My educational studies have been focused on students learning the skills they need for a vocation. This is very clear in my field of computing, where there is broad agreement on what a computer professional needs to know. My job as an educational designer is to translate these requirements into something which can be learned and assessed. The set of skills to be acquired have been agreed with industry, so provided I can show my students have the skills, they will have jobs.
What confused me about the liberal arts college academics approach was that they never seemed to be clear as to what jobs they were educating students for. Simply asking the academics did not produce a useful result. In looking at this further, the reason for the confusion became clear: a liberal arts college is not aiming to produce graduates for a vocation, but a broad knowledge, especially the arts and humanities.
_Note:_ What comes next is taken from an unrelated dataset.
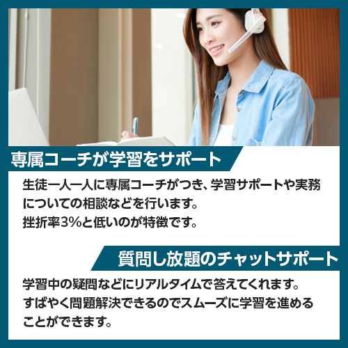 このように、専属コーチが、受講内容だけでなく、働き方など様々な相談に乗ってくれます。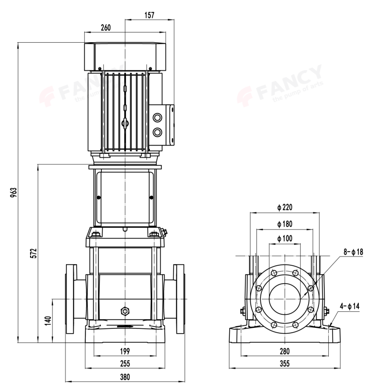 - Вертикальный многоступенчатый центробежный насос из нержавеющей стали 304.

Sheridan points out that many liberal arts graduates go on to postgraduate study at a "big university" and many "ended up in journalism". However, there are specialized undergraduate degrees for vocations such as journalism and Australian universities offer integrated undergraduate/postgraduate programs. In the past, when few people went to university, a degree (any degree) would be an advantage when applying for a job. However, an era when many people have degrees, employers can short list those people with qualifications relevant to a job. In this jobs market, having a generalist degree will be of little value and may be a disadvantage. A student who has studied the "Western Tradition" may not only be unqualified to do anything particular job, but also be a liability when working in multinational companies doing business in Asia.
The Bologna model, adopted by some Australian universities, has the student undertake a more general undergraduate degree, then Masters specialization. The University of Melbourne took this a stage further with the Melbourne Curriculum. However, even Melbourne still offers specialized vocational first degrees, not just a general degree.
Australian universities are competing globally for international students and will, over the next few years, increasingly competing globally for domestic Australian students. As education moves on-line, Australian institutions will need to offer courses attractive to students. I expect 80% of higher education will be on-line by 2020) and students will be able to study anywhere. Offering students a Liberal Arts qualification in the "Western Tradition" is not going to be very attractive for students requiring specific vocational skills for a global workplace.
In "The hipster is dead, and you might not like who comes next"
writer who "studied liberal arts in college". Lightheartedly describing himself as part of the “creative class", he coins the term "yuccie" to describe those who want to get rich quick but preserve their creative autonomy. However, I suggest that the creative class now needs specialized skills. Entrepreneurs can be trained in Innovation Workshops. The app infrastructure depends on highly trained computer professionals. This year I have been helping with innovation education: for a new creative class.